INFORMATION SUPPLIED ->

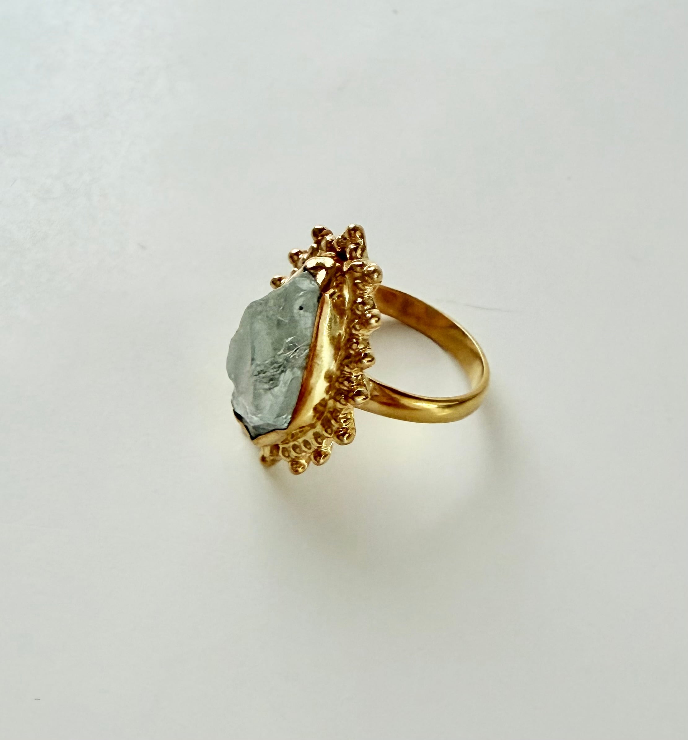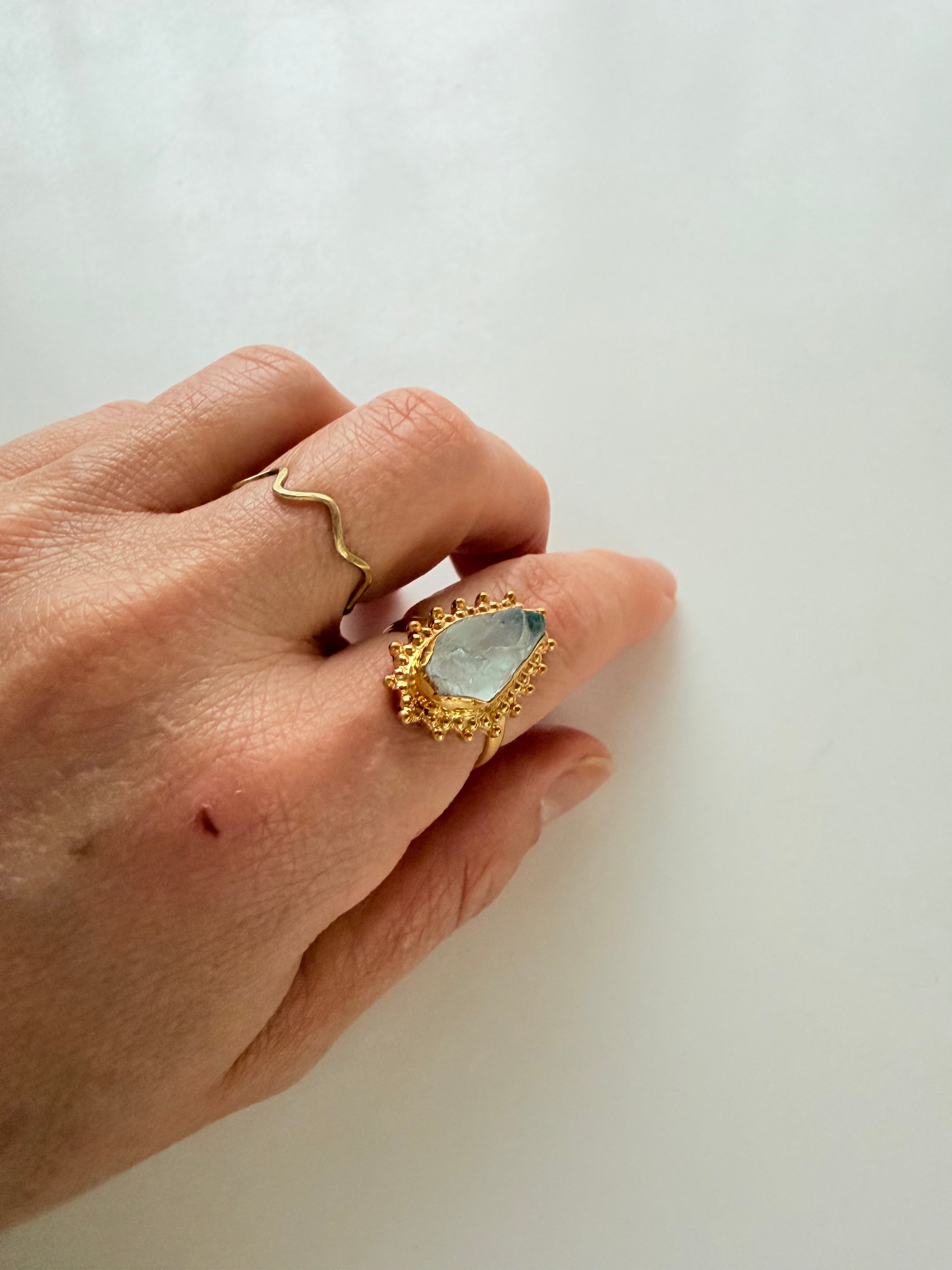 アマゾナイト、グリーンオニキス、フローライトを組み合わせた、やわらかな色合いの天然石リングです。
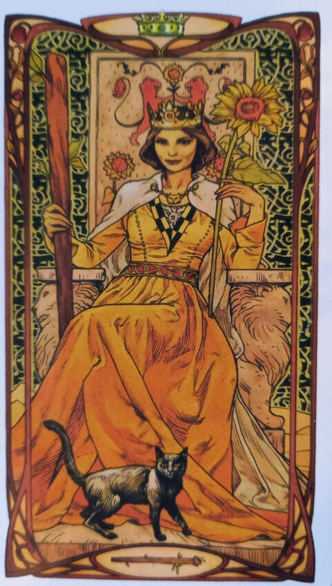 На троне сидит уверенная в себе королева. В правой руке у нее жезл, в левой подсолнух.
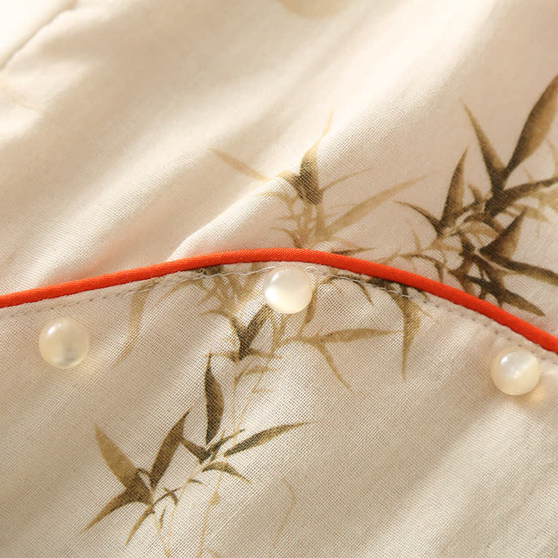 Immerse yourself in relaxation and experience unparalleled comfort with our light and breathable nightwear set. Enhanced by delightful persimmon prints, this collection exudes vintage charm and luxury. Meticulously crafted from top-quality cotton, the fabric ensures exceptional comfort and breathability throughout the night, making it the perfect choice for your bedtime routine.
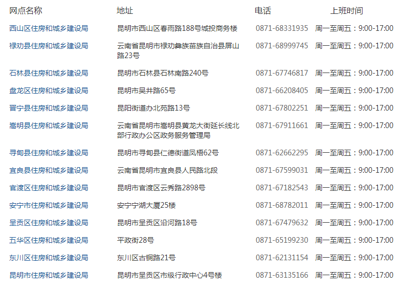 昆明各區(qū)縣住房和城鄉(xiāng)建設(shè)局地址及聯(lián)系方式

ABOUT THIS EXERCISE -> Print each line of the material above exactly, with the pictures removed from your copy.

COMPLETED EXERCISE ->
 アマゾナイト、グリーンオニキス、フローライトを組み合わせた、やわらかな色合いの天然石リングです。
 На троне сидит уверенная в себе королева. В правой руке у нее жезл, в левой подсолнух.
 Immerse yourself in relaxation and experience unparalleled comfort with our light and breathable nightwear set. Enhanced by delightful persimmon prints, this collection exudes vintage charm and luxury. Meticulously crafted from top-quality cotton, the fabric ensures exceptional comfort and breathability throughout the night, making it the perfect choice for your bedtime routine.
 昆明各區(qū)縣住房和城鄉(xiāng)建設(shè)局地址及聯(lián)系方式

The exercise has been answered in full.